Solved – How to interpret the covariance matrix from a curve fit

covariance-matrixcurve fittingmodel selectionpythonvariance

I'm not too great at statistics, so apologies if this is a simplistic question. I am fitting a curve to some data, and sometimes my data best fits a negative exponential in the form $a * e^{(-b * x)} + c$, and sometimes the fit is closer to $a * e^{(-b * x^2)} + c$. However, sometimes both of those fail, and I would like to fall back to a linear fit. My question is, how can I determine which model fits a particular data set the best from the resulting variance-covariance matrix that is returned from the scipy.optimize.curve_fit() function? I believe the variance is on one of the diagonals of this matrix, but I'm not sure how to interpret that.

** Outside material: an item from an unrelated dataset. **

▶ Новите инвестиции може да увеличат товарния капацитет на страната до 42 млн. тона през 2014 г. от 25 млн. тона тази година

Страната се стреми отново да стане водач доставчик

UPDATE: Based on a similar question, I'm hoping that the variance-covariance matrix can tell me which of the three models I am attempting best fits the data (I am trying to fit many datasets to one of these three models).

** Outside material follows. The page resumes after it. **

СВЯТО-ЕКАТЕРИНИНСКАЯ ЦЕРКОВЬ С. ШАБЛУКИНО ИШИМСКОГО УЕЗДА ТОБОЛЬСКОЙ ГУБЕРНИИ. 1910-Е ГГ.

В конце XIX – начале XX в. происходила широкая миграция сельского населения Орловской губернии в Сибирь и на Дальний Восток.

The resulting matrices look like this for the given example:

pcov_lin 
[[  2.02186921e-05  -2.02186920e-04]
 [ -2.02186920e-04   2.76322124e-03]]
pcov_exp
[[  9.05390292e+00  -7.76201283e-02  -9.20475334e+00]
 [ -7.76201283e-02   6.69727245e-04   7.90218415e-02]
 [ -9.20475334e+00   7.90218415e-02   9.36160310e+00]]
pcov_exp_2 
[[  1.38338049e-03  -7.39204594e-07  -7.81208814e-04]
 [ -7.39204594e-07   8.99295434e-09   1.92970700e-06]
 [ -7.81208814e-04   1.92970700e-06   9.14746758e-04]]

Here is an example of what I am doing:

import numpy as np
import matplotlib.pyplot as plt
import scipy as sp
import scipy.optimize

def exp_func(x, a, b, c):
    return a * np.exp(-b * x) + c

def exp_squared_func(x, a, b, c):
    return a * np.exp(-b * x*x*x) + c

def linear_func(x, a, b):
    return a*x + b

def main():
    x = np.array([0, 1, 2, 3, 4, 5, 6, 7, 8, 9, 10, 11, 12, 13, 14, 15, 16, 17, 18, 19, 20], np.float)
    y = np.array([1, 1, 1, 1, 0.805621, 0.798992, 0.84231, 0.728796, 0.819471, 0.570414, 0.355124, 0.276447, 0.159058, 0.0762189, 0.0167807, 0.0118647, 0.000319948, 0.00118267, 0, 0, 0], np.float)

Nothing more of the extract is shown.